→ **TASK GOAL**
For the records below, output word for word the lines from the one with "3時間目は算数の授業でした。「間の数と子どもの数」の関係について考えました。" up to and including the one with "Green houseplants. Palm". No pictures.

→ **TASK DATA**
┌──
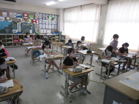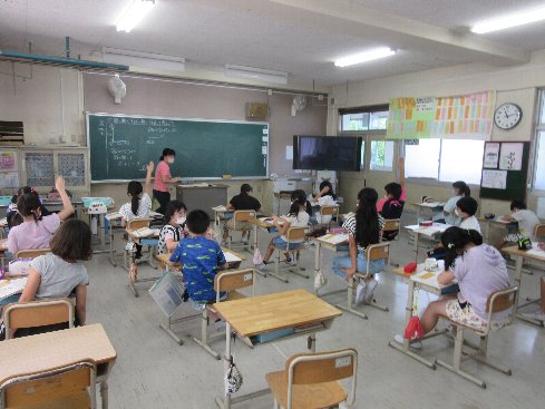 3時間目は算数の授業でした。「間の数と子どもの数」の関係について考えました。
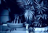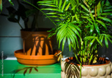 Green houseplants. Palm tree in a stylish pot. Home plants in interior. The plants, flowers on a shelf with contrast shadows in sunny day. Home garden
└──
┌──
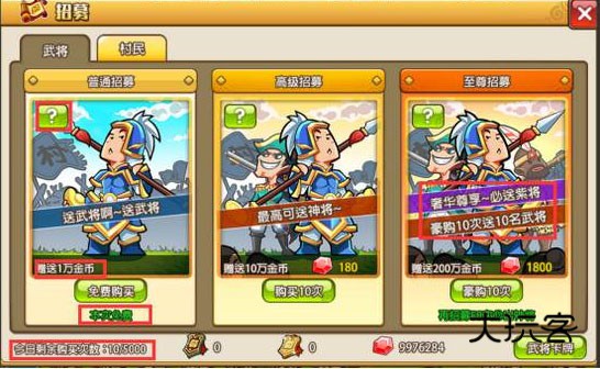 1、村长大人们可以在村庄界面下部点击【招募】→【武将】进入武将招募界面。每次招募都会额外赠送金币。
└──
┌──
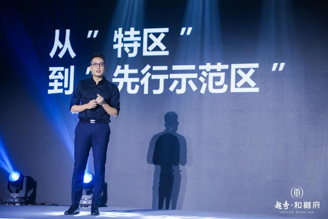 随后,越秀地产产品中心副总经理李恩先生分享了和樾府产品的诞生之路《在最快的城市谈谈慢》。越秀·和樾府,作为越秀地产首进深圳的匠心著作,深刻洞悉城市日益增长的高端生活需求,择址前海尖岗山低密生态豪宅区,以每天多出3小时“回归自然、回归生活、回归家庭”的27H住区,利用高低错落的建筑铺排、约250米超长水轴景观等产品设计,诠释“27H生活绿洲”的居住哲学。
└──
→ **RESPONSE TO THIS EXERCISE**
 3時間目は算数の授業でした。「間の数と子どもの数」の関係について考えました。
 Green houseplants. Palm tree in a stylish pot. Home plants in interior. The plants, flowers on a shelf with contrast shadows in sunny day. Home garden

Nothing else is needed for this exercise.